RumoreTuoiPassi.indd

Valentina D’Urbano is a young Italian novelist. Il Rumore dei tui passi (The Sound of  Your Footsteps) is her first novel. She won a publishing contract with Longanesi thanks to a competition. The novel has been translated into French under the title Le bruit de tes pas and into German Mit zwanzig hat man kein Kleid für eine Beerdigung. Hopefully an English translation will be next.

This novel is like a kick in the gut. It describes a world we dont know anything about, but it’s a world that the young writer knows all too well, as she grew up under similar circumstances.

The book is set in Rome, in La Fortezza – The Fortress -, in the late 70s and 80s. It starts with a funeral and a laconic voice telling us that her “twin” has died. Bea and Alfredo are called the twins because they are inseparable, not because they are siblings. They met because their families both live in La Fortezza – this is also a nickname. La Fortezza is some sort of abandoned housing project where the poorest of the poor land. Most of the families are squatters and their miserable, small apartments can be snatched from them at all times. “Never leave your apartment unattended” is one of the earliest lessons Bea, her brother Francesco, Alfredo and Arianna, her best friend, learn at an early age. If you leave the apartment, it’s possible that when you come back, you’ll find that all your belongings have been thrown from a window and another family claims the place.

La Fortezza is a place without hope. Most people have no job and will never have one; they drink or take drugs; they hit their children and their wives.

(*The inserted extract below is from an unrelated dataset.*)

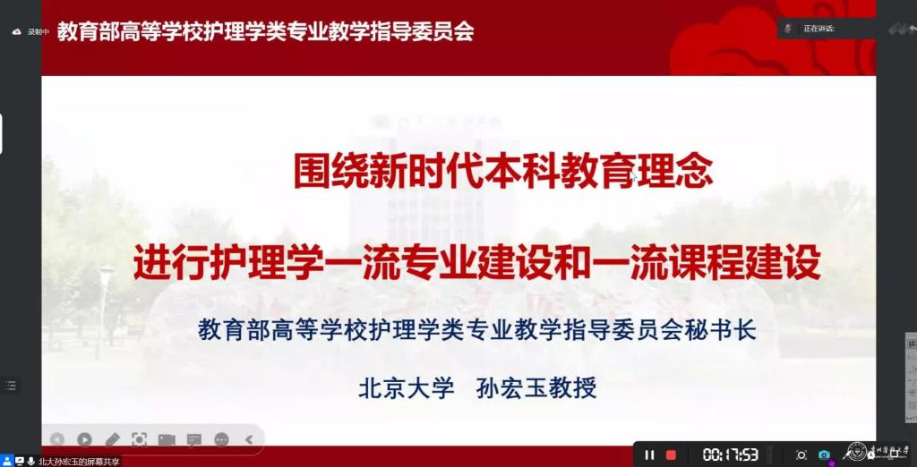 教育部高等学校护理学类专业教学指导委员会秘书长、美国护理科学院院士、北京大学护理学院孙宏玉教授以“ 围绕新时代本科教育理念,进行护理学一流专业建设和一流课程建设”为题,结合实践案例,阐述了新时代本科教育理念,从国家层面就如何建设护理一流专业及一流课程问题提出了一系列建设性指导。
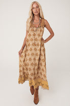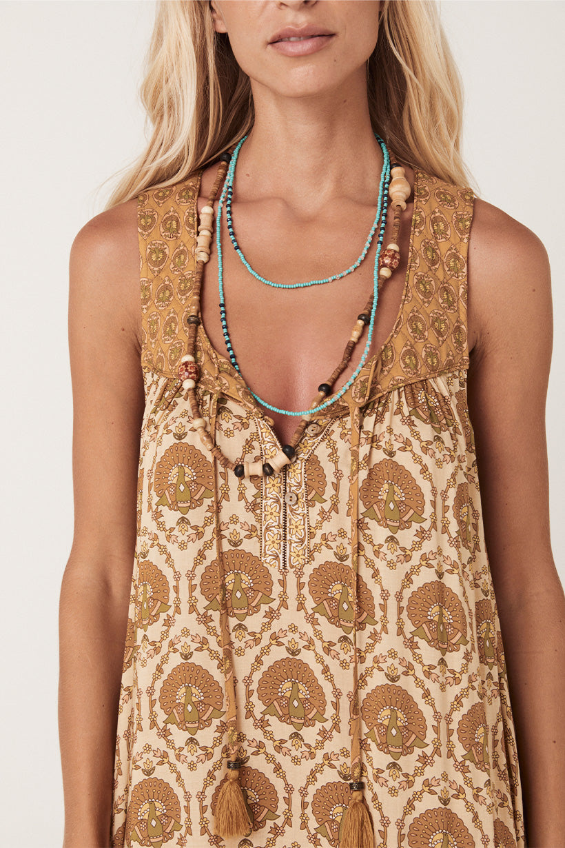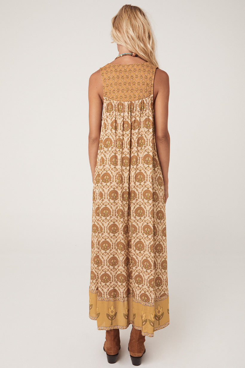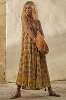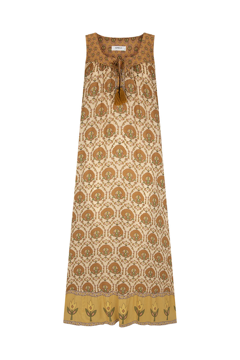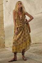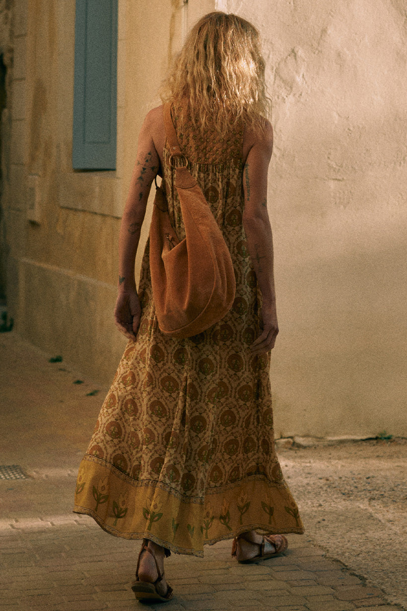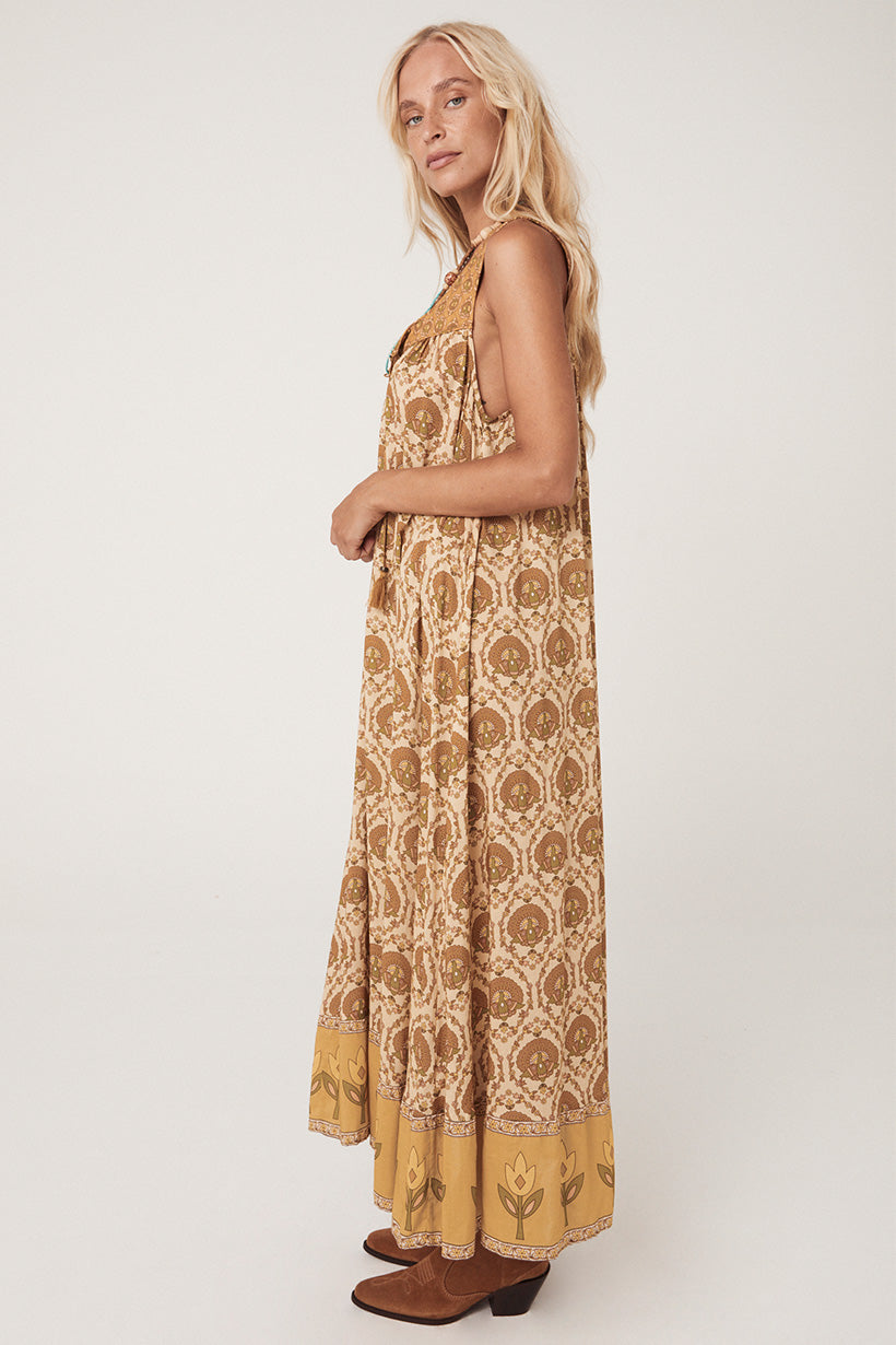 Cascading to the floor and embellishing the wearers every step with movement and bohemian charm, our Sundress is perfect for that sunset soiree ~ pair with a strappy sandal and gold bangles to complete the fit or with boots and a chunky belt at the waist for an edgier take.

They have no chance of ever getting out because when they apply for a job somewhere and have to say they come from la Fortezza, it’s over. People from La Fortezza are not hired. They are said to be criminals and drug addicts.

One way of dealing with a bleak situationlike this is domestic violence and addiction, another is to look the other way. Nothing is named in La Fortezza. People and things have nicknames. Bad situations are ignored. Arianna can get pregnant at 15 and abort and nobody will ever speak about it.

Bea’s mother got pregnant with Bea when she was only 15. She and Bea’s father were lucky to be able to live in La Fortezza. It’s one step from being homeless. They rarely have jobs, but at least they are kind and caring. The familial environment is rough; there’s a lot of swearing, the kids are slapped, but in spite of that Bea and Franceso know their parents love them and do everything for them. They even accept Alfredo in their home. Alfredo lives above and his father is anything but kind and caring. He’s a single parent, unemployed, alcoholic and beats up his three sons regularly. More than once, someone has to interfere and make sure he doesn’t kill them.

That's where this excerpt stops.